Por ANÍBAL ROMERO

2 El desafío al orden.

“Existe un problema del mal sólo para aquellos que esperan que el mundo sea bueno”.

Bernard Williams (1).

Destaqué en la primera sección de este ensayo la modernidad de Macbeth, señalando analogías entre el clima mental del drama de Shakespeare con otras obras literarias, bastante más cercanas a nuestro tiempo. Sostuve igualmente que no es lícito llevar las similitudes demasiado lejos, pues tal procedimiento resultaría en inaceptables distorsiones. Argumenté que, para citar un ejemplo, una novela como la de Louis Ferdinand Céline Viaje al fin de la noche, publicada por primera vez en 1932, revela esclarecedoras afinidades con ese “estado de arrojado” que se asoma con fuerza en Macbeth, estado que forma parte sustancial de la condición del ser humano en la modernidad. Dos aspectos de la novela de Céline se enlazan con Macbeth: de un lado, la descripción del personaje principal del libro como una especie de marioneta, cercado por un entorno caótico y absurdo, que le separa de lo real y lo mezcla con lo imaginario.

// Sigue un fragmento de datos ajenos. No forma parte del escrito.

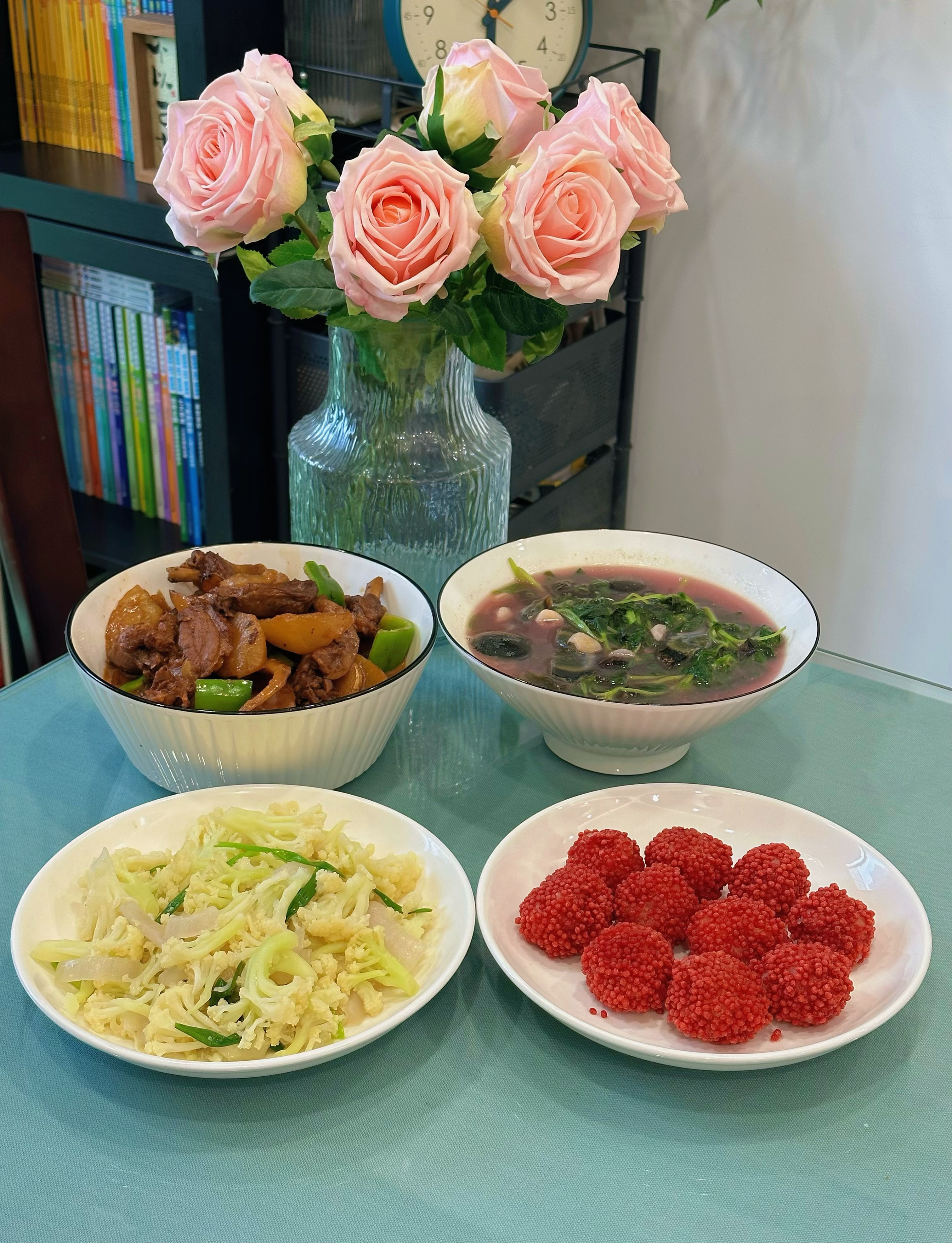 1⃣️啤酒鸭 2⃣️皮蛋炒苋菜 3⃣️清炒花菜 4⃣️荔枝虾球
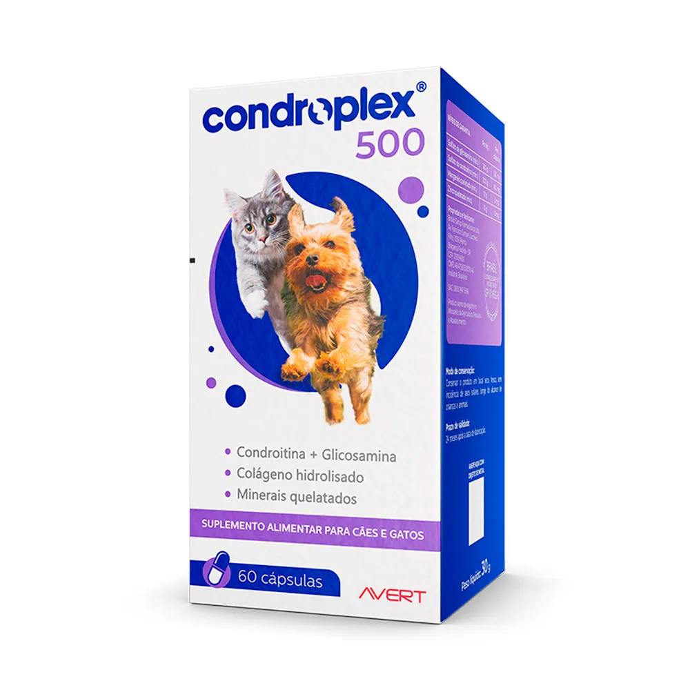 Indicação de uso:Condroplex 500 cápsulas é um suplemento alimentar composto por nutrientes essenciais às articulações, indicado para gatos e cães de pequeno porte em qualquer idade.
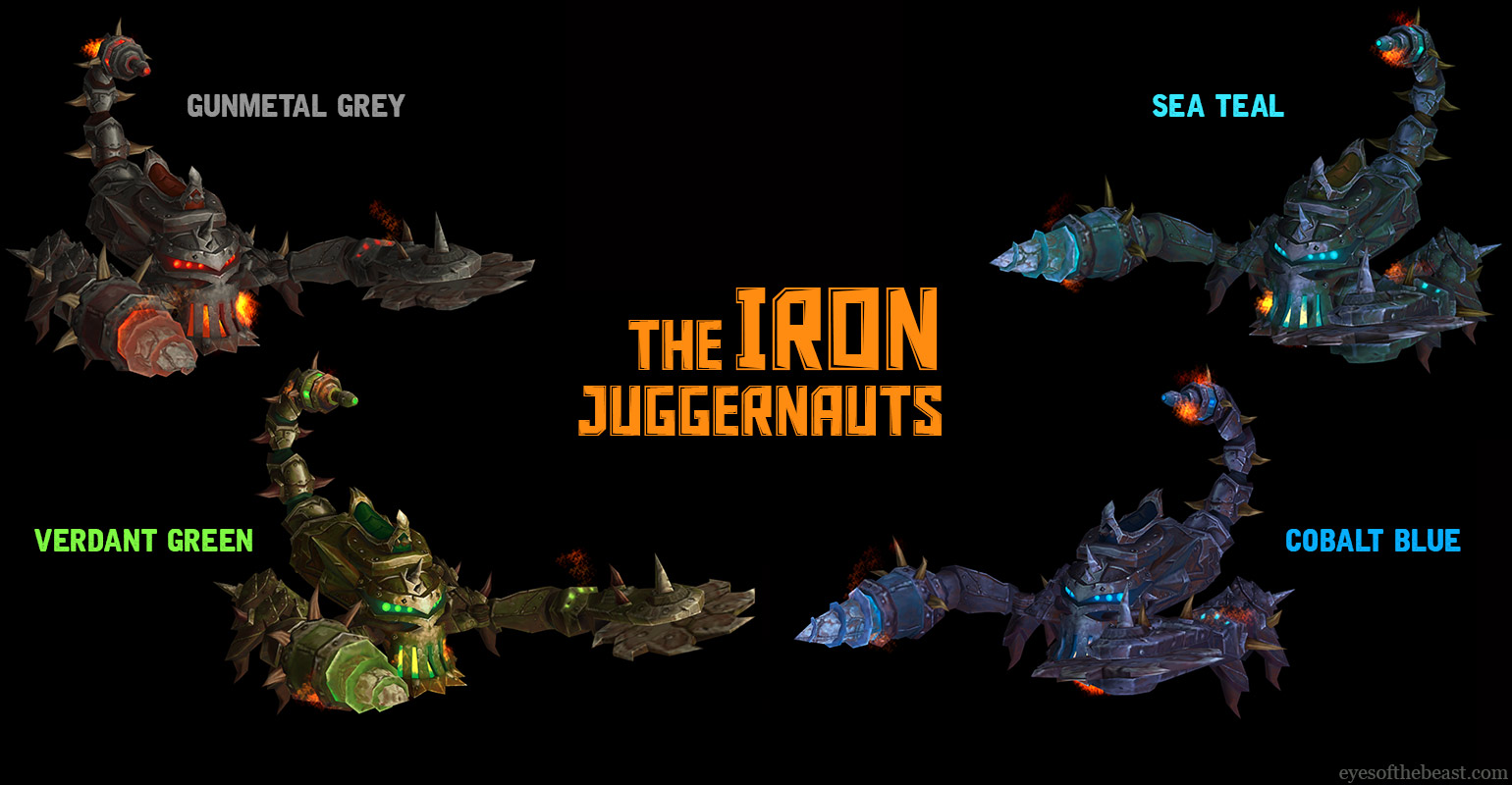 Para quem não lembra, a Jaganata de Ferro é o sexto chefão do Cerco à Orgrimmar, aquele escorpião mecânico gigante que ficava bem na frente de Orgrimmar, além de ser a montaria saqueada do Garrosh Grito Infernal na dificuldade mítica.

Como lo escribe en términos que poseen penetrantes ecos shakesperianos: “La vida esconde todo a los hombres. En su propio ruido no oyen nada. Se la suda”. De otro lado la constatación, que también hallamos en Macbeth, de que la existencia, más que un viaje, es “una enfermedad”, regida por el temor a estar “casi vacío”, a “no tener, en una palabra, razón seria alguna para existir”, ya que a fin de cuentas “la vida es eso, un cabo de luz que acaba en la noche” (2)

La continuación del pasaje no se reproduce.